Os textos foram recolhidos por José Mario entre o extenso material inédito deixado por Merquior ("Acho que poderíamos produzir ainda quatro livros com esse material nunca publicado") e que não fazem parte da biblioteca do ensaísta, vendida ao Banco do Brasil, em 1991, por US$ 300 mil.
Além de editor, José Mario Pereira é o testamenteiro de Merquior: "Semanas antes de sua morte, conversamos sobre como tudo deveria ser editado".
Após "O Outro Ocidente", chegará ao mercado "A Vida das Idéias", uma coletânea de textos da coluna mantida por Merquior no jornal "O Globo".
Cartas e Lévi-Strauss
Entre o acervo não editado há também, além dos textos pensados para uma futura publicação, um outro tipo de produção de Merquior. Ensaios produzidos quase ao acaso em sua correspondência.
Cartas que evidenciam, além de sua preocupação com a obra acadêmica, seu "segundo momento" no papel de articulador político.
Entre seus interlocutores estão o antropólogo francês Claude Lévi-Strauss (comentando o livro "De Praga a Paris", sobre o estruturalismo), o semiólogo Roland Barthes, o também diplomata Sérgio Paulo Rouanet e o então presidente José Sarney, entre outros.
A carta endereçada a Sarney, escrita em 15 de abril de 1985, seis dias antes da morte do presidente eleito Tancredo Neves, coloca em evidência a sua intenção de interferir no novo governo, ao comentar uma fórmula para "aliciar boa parte do PMDB": "Como? Fazendo talvez Fernando Henrique ministro (do Exterior? da própria Casa Civil?)".
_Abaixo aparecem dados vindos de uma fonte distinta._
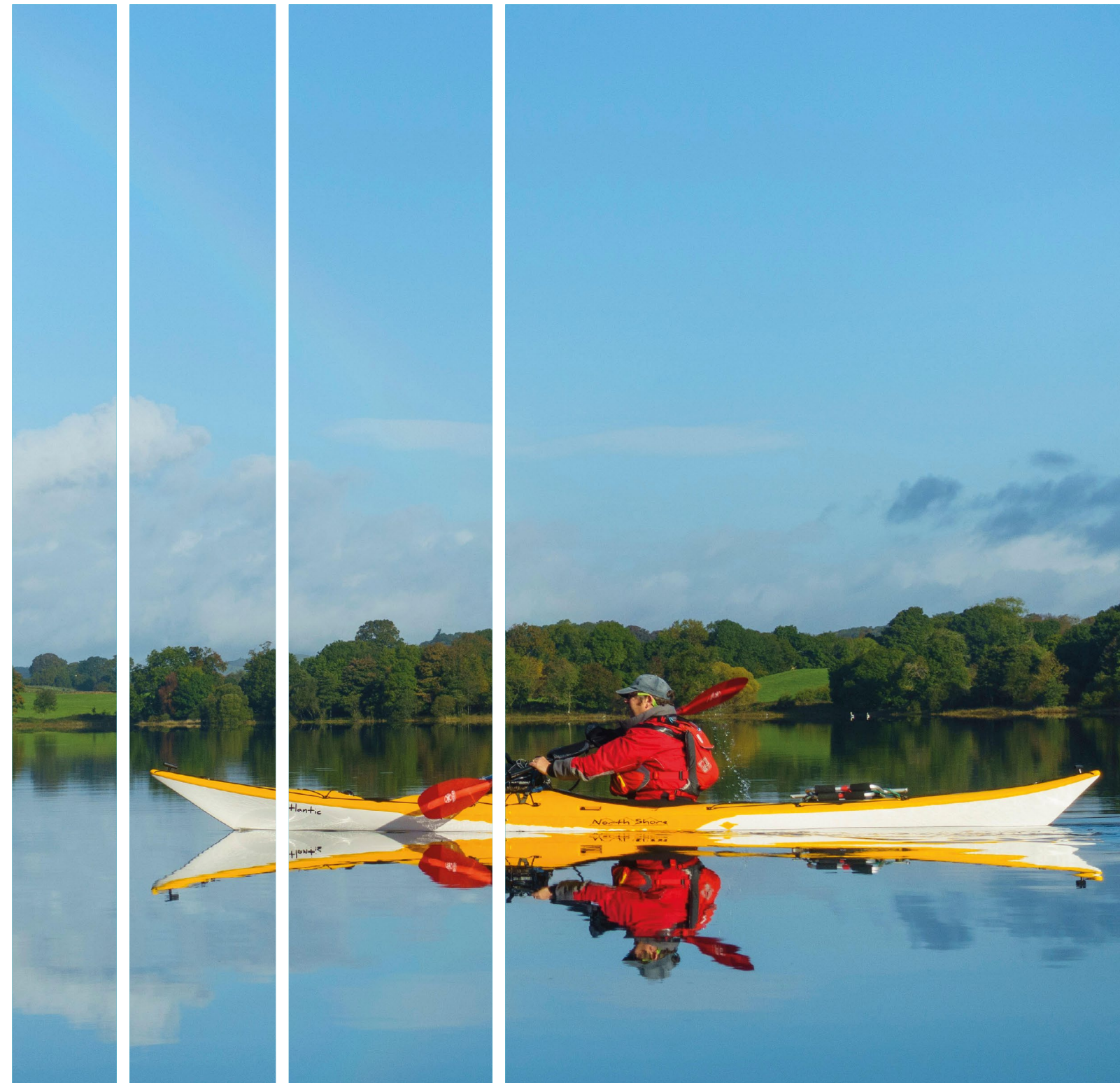
Availability of recreational and social opportunities are seen as key to encouraging people to stay in, or return to the region

Note: For a few organisations we engaged with more than one representative

A carta (leia trecho abaixo) prossegue aconselhando uma aproximação entre Brasil e Cuba. Algo que, por coincidência ou não, aconteceu ainda no período do governo Sarney.
Mas em outras cartas Merquior volta a fazer da cultura seu principal objeto. Com Rouanet discute sobre a influência de Diderot na obra de Machado de Assis.
Ao escrever para Miguel Reale, emite "impressões filosóficas" sobre o trabalho deste. E do escritor Josué Montello recebe palavras de ânimo sobre seu estado de saúde.
"Merquior guardava cópias das cartas que enviava. Textos que muitas vezes se convertiam em aguçadas análises intelectuais", diz José Mario Pereira.
Merquior espera por mais uma polêmica.